InterSpeech 2021

Presentation matters: Evaluating speaker identification tasks
(longer introduction)

Benjamin O’Brien (LPL (UMR 7309), France), Christine Meunier (LPL (UMR 7309), France), Alain Ghio (LPL (UMR 7309), France)
This paper details our evaluations and comparisons of speaker identification (SID) performance by listeners across different tasks. Experiment 1 participants completed traditional target-lineup (1-out-of-N speakers or out-of-set speaker) and binary (speaker verification) tasks. Experiment 2 participants completed trials online by using a clustering method by grouping speech recordings into speaker-specific clusters. Both studies employed similar speech recordings from the PTSVOX corpus. Our results showed participants who completed the binary and clustering tasks had higher accuracy than those who completed the target-lineup task.

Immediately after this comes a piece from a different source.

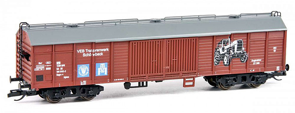 | krytý vůz červenohnědý s šedou střechou „Traktorenwerk“ |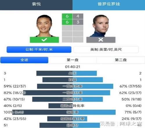 赛后技术统计,袁悦在发球稳定和关键分把握上表现非常不错,她全场发出了4记Ace球,没有出现双误,这与她在澳网比赛中二发得分率仅47%的表现形成鲜明对比。袁悦在破发点把握上效率惊人。她全场共获得五个破发机会,成功兑现四个,破发成功率高达80%。而普罗佐罗娃虽然获得了七个破发点,但只成功破发一次。

We also observed that independent of the tasks participants found some speakers significantly more difficult to identify relative to their foils. Pearson correlation procedures showed significant negative correlations between accuracy and task-dependent temporal-based metrics across tasks, where an increase in time required to make determinations yielded a decrease in perceptual SID performance. These findings underscored the important role of SID task design and the process of selecting speech recordings. Future work aims to examine the relationship between different perceptual SID task performances and scores generated by automatic speaker verification systems.